Data block:
"""
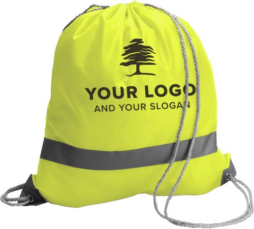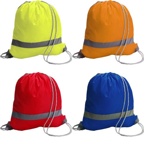 Polyester rugtas (190T), met een reflecterende band en trekkoordsluiting.
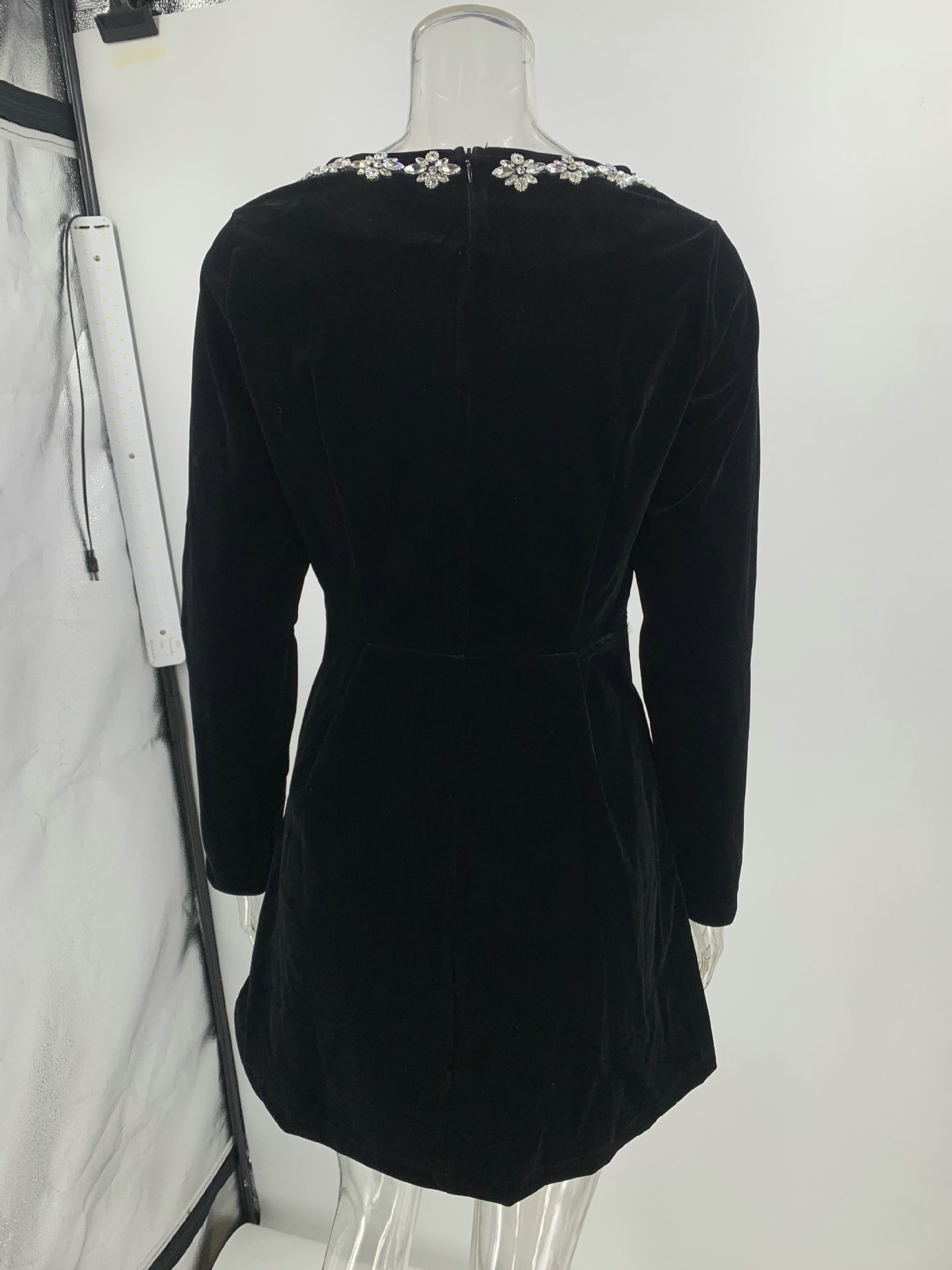 Women Spring Clothing Elegant Square Collar Diamond Inlaid Short Velvet Dress
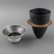 Ben Oldenhof (1955), zwart- en goudgeglazuurde keramische vaas, en witte keramische kom met uitlopende rand en zwart strependecor, zwarte vaas gedateerd '85, 23 × Ø 23 cm
"""
Please print exactly the lines running from the line with "Women Spring Clothing" through the final line of the material, and nothing more. Keep pictures out.

 Women Spring Clothing Elegant Square Collar Diamond Inlaid Short Velvet Dress
 Ben Oldenhof (1955), zwart- en goudgeglazuurde keramische vaas, en witte keramische kom met uitlopende rand en zwart strependecor, zwarte vaas gedateerd '85, 23 × Ø 23 cm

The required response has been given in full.